An example error scenario where the span contains some attributes and logs, but nothing excessive, IMHO.
2022/03/21 15:15:17 multiple errors during transform: span too large to send: Span({TraceIdLow:-1959931804685451170 TraceIdHigh:9142211311457415581 SpanId:3501129510158026876 ParentSpanId:-3699454375769775617 ... [very long dump truncated by me]

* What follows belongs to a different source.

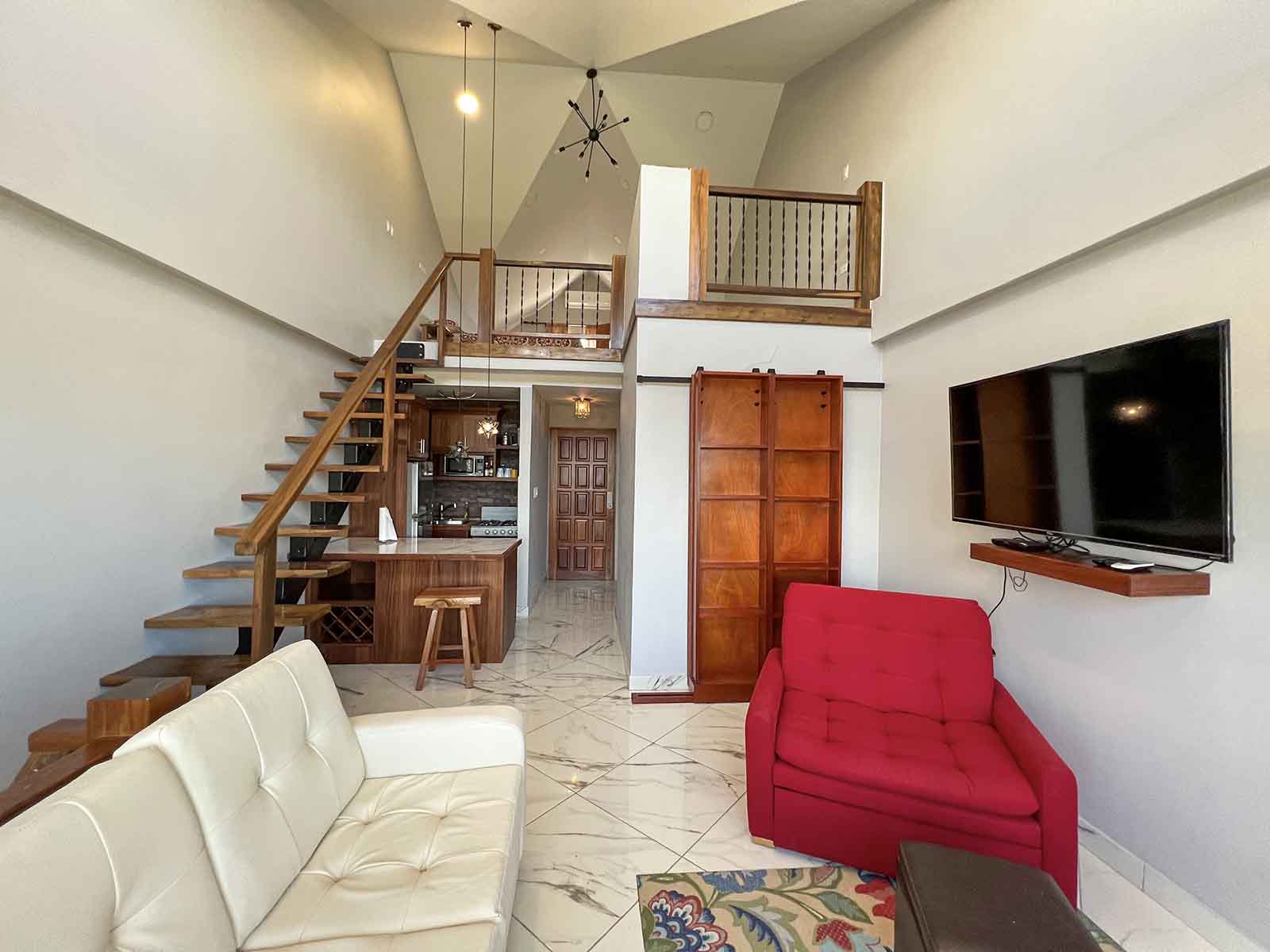 This loft is the perfect choice for anyone looking for a comfortable and stylish living space. With a fully furnished interior, including a comfortable queen size bed, built-in walk-in closet, living room furniture, and a flat-screen TV, you'll have everything you need to feel at home.

This was unreadable, so I pulled the source and added a JSON dump. Here's one such result from within the "multiple errors during transform" error:
span too large to send:{
"traceIdLow": 8238679333188071647,
"traceIdHigh": 6973323051039728651,
"spanId": 1844865607382183757,
"parentSpanId": -1272813624660893053,
"operationName": "github.com/mailgun/turret/v2/client/golang.(*transaction).Close",
"flags": 1,
"startTime": 1647890117472575,
"duration": 7196,
"tags": [
{
"key": "file",
"vType": "STRING",
"vStr": "/Users/SPoulson/src/turret/client/golang/client.go:228"
},
{
"key": "otel.library.name",
"vType": "STRING",
"vStr": "github.com/mailgun/turret/v2"
},
{
"key": "error",
"vType": "BOOL",
"vBool": true
},
{
"key": "otel.status_code",
"vType": "STRING",
"vStr": "ERROR"
},
{
"key": "otel.status_description",
"vType": "STRING",
"vStr": "code:250 message:\"OK\" utf8_enabled:true mx_host:\"10.5.0.2\" secure:true smtp_log:\"19:15:17.475 0s \u003e- {19:15
:17.468, #0, 0}\\n19:15:17.476 0s ** age=8.9931005s, sessionCount=9\\n19:15:17.476 0s \u003c- {#0}\\n19:15:17.476 0s -\u003e M
AIL FROM:\u003csender@example.com\u003e BODY=8BITMIME SMTPUTF8\\n19:15:17.477 1ms -\u003c 250 Sender address accepted\\n19:15:17.477
1ms -\u003e RCPT TO:\u003crecipient@example.com\u003e\\n19:15:17.478 2ms -\u003c 250 Recipient address accepted\\n19:15:17.478 2ms -\
u003e DATA\\n19:15:17.479 3ms -\u003c 354 Continue\\n19:15:17.480 4ms \u003e- {19:15:17.472, #1, 18}\\n19:15:17.480 4ms \u003e- {
19:15:17.472, #2, 0, last}\\n19:15:17.481 5ms \u003c- {#1}\\n19:15:17.483 7ms -\u003c 250 Great success\\n19:15:17.484 8ms \u003c
- {#2, last}\\n\" mx_host_ip:\"10.5.0.2\" tls_version:772 tls_cipher_suite:4865"
}
],
"logs": [
{
"timestamp": 1647890117479772,
"fields": [
{
"key": "event",
"vType": "STRING",
"vStr": "exception"
},
{
"key": "exception.type",
"vType": "STRING",
"vStr": "*errors.fundamental"
},
{
"key": "exception.message",
"vType": "STRING",
"vStr": "code:250 message:\"OK\" utf8_enabled:true mx_host:\"10.5.0.2\" secure:true smtp_log:\"19:15:17.475 0s \u003e- {19:15:17.468, #0, 0}\\n19:15:17.476 0s ** age=8.9931005s, sessionCount=9\\n19:15:17.476 0s \u003c- {#0}\\n19:15:17.476 0s -\u003e MAIL FROM:\u003csender@example.com\u003e BODY=8BITMIME SMTPUTF8\\n19:15:17.477 1ms -\u003c 250 Sender address accepted\\n19:15:17.477 1ms -\u003e RCPT TO:\u003crecipient@example.com\u003e\\n19:15:17.478 2ms -\u003c 250 Recipient address accepted\\n19:15:17.478 2ms -\u003e DATA\\n19:15:17.479 3ms -\u003c 354 Continue\\n19:15:17.480 4ms \u003e- {19:15:17.472, #1, 18}\\n19:15:17.480 4ms \u003e- {19:15:17.472, #2, 0, last}\\n19:15:17.481 5ms \u003c- {#1}\\n19:15:17.483 7ms -\u003c 250 Great success\\n19:15:17.484 8ms \u003c- {#2, last}\\n\" mx_host_ip:\"10.5.0.2\" tls_version:772 tls_cipher_suite:4865"
}
]
}
]
}
- OS: Linux and MacOS 12.2
- Architecture: amd64
- Go Version: 1.17
- opentelemetry-go version: 1.4.1
- Checkout repo: https://github.com/Baliedge/otel-span-too-large
- Run
make run JAEGER_AGENT_HOST=<your_jaeger_agent>
- See error described above.
- Compare with
make run JAEGER_AGENT_HOST=localhost
, which does not generate this error.
Expect trace in Jaeger UI to display all span details generated by code.